56    However, contrary to Mr Mulhollands submissions, no significant question of fact or law (or mixed fact and law) arises in the present case. While there is a public interest in ensuring that electoral records are properly maintained, the correctness of the Register has already been determined in the AAT decision, as affirmed by the Full Federal Court. As I have said, even if I accepted Mr Mulholland’s argument that he should have been treated as Victorian State Secretary when the Federal Conference was convened, the result of the Conference in electing Mr Zegenhagen is the same.

57    I have already set out my view as to the lack of merit in the proceeding at [30]-[50] above and it is unnecessary to reiterate those views. For essentially the same reasons the application under s 39B of the Judiciary Act should be summarily dismissed. Without rehearsing those matters, Mr Mulholland challenges only the delegates decision and that decision is not operative. The relief which he seeks is unavailable. Even if the decision were operative, he is unable to demonstrate a reviewable error of law.

58    The unavailability of the relief sought is a factor which weighs strongly in favour of summary judgment. In Spencer (at 130 [21]) French CJ and Gummow J cited with approval the remarks of Lord Hope in Three Rivers District Council v Governor Company of the Bank of England (No 3) [2003] 2 AC 1 at 260-261. His Lordship said:

The method by which issues of fact are tried in our courts is well settled. After the normal processes of discovery and interrogatories have been completed, the parties are allowed to lead their evidence so that the trial judge can determine where the truth lies in the light of that evidence. To that rule there are some well-recognised exceptions. For example, it may be clear as a matter of law at the outset that even if a party were to succeed in proving all the facts that he offers to prove he will not be entitled to the remedy that he seeks. In that event a trial of the facts would be a waste of time and money, and it is proper that the action should be taken out of court as soon as possible. In other cases it may be possible to say with confidence before trial that the factual basis for the claim is fanciful because it is entirely without substance.

(Emphasis added.)

I respectfully agree.

59    I am satisfied that Mr Mulholland has no reasonable prospect of making out an entitlement to relief under s 39B of the Judiciary Act.
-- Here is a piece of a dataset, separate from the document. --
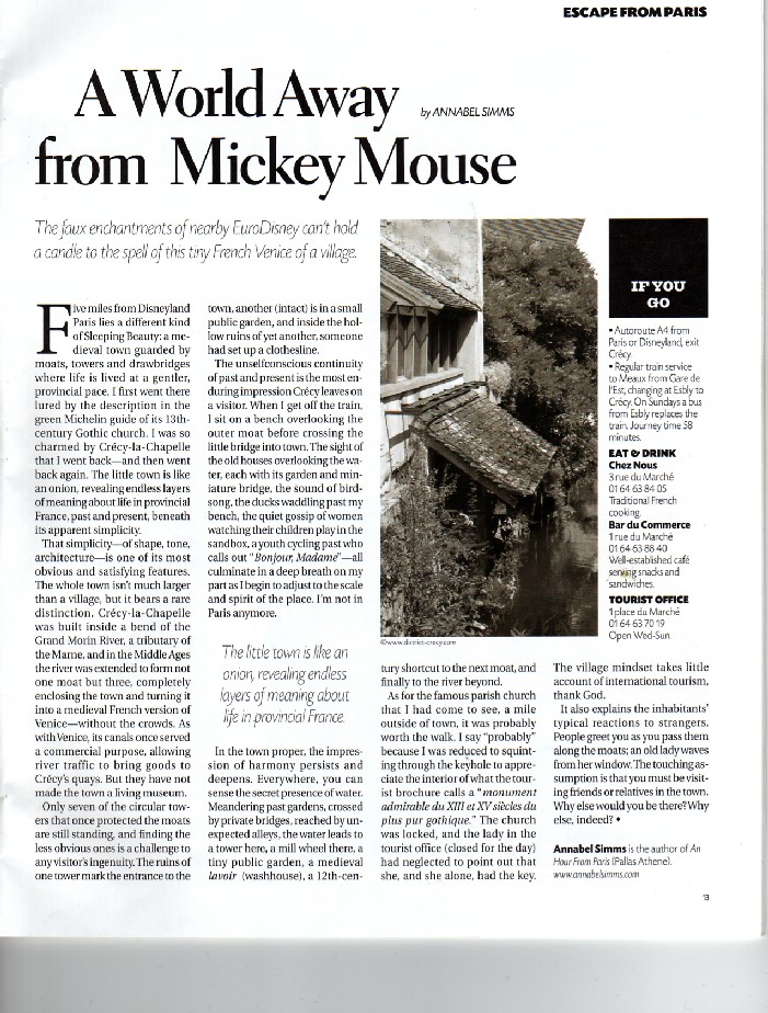 Un article sur Crécy est paru dans le numéro de mars de France Today. (site du journal en cliquant sur le logo). Ce magazine américain se présente comme le journal de la culture française et du tourisme en France. L’article intitulé "A world away from Mickey Mouse" (un monde bien loin de Mickey) nous offre une visite de Crécy vue par un étranger.

60    I would take the same view in relation to Mr Mulhollands ADJR application if (contrary to my view) leave to lodge the application out of time were granted. I would dismiss that application because:

(a)    it too has no reasonable prospect of success and should be summarily dismissed; and/or

(b)    by exercise of my discretion under s 10(2)(b) of the ADJR Act.
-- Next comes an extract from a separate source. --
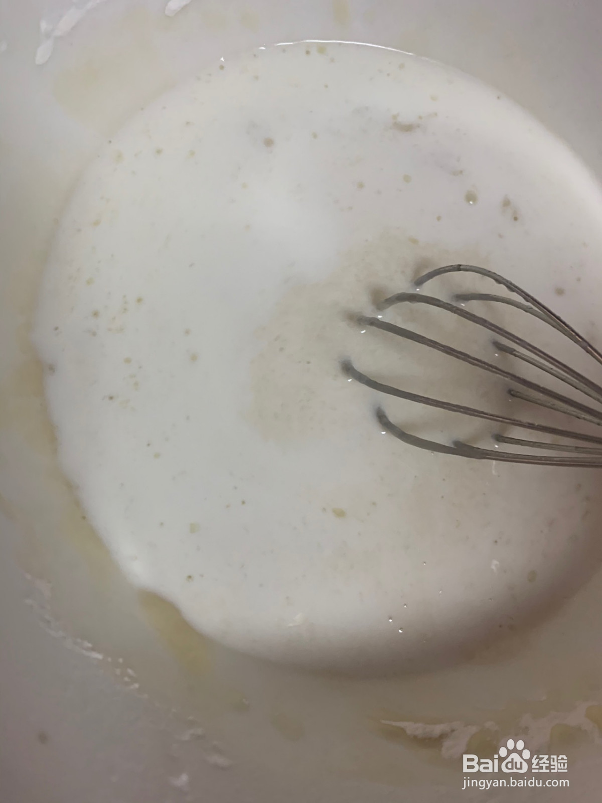 三分之一打好的蛋清倒入蛋黄碗中均匀搅拌

61    Section 10(2)(b) relevantly provides:

the Federal Court…may, in its discretion, refuse to grant an application under section 5, 6 or 7 that was made to the court in respect of a decision, in respect of conduct engaged in for the purpose of making a decision, or in respect of a failure to make a decision, for the reason:

(i)    that the applicant has sought a review…by another court of that decision, conduct or failure otherwise than under this Act; or

62    As Gyles J said in Kamha v Australian Prudential Regulation Authority [2007] FCA 1422 at [9], the existence of a suitable alternative remedy is a well-established basis for the refusal for administrative law relief, whether under the ADJR Act or at common law. In the present case Mr Mulholland has already availed himself of his right to an external merits review in the AAT, and an appeal to the Full Federal Court. I would exercise the discretion to refuse to allow a further application for judicial review.

CONCLUSION

63    For the reasons set out above, I refuse the application for an extension of time within which to lodge the application under the ADJR Act, and I summarily dismiss the application under s 39B of the Judiciary Act.

I certify that the preceding sixty-three (63) numbered paragraphs are a true copy of the Reasons for Judgment herein of the Honourable Justice Murphy.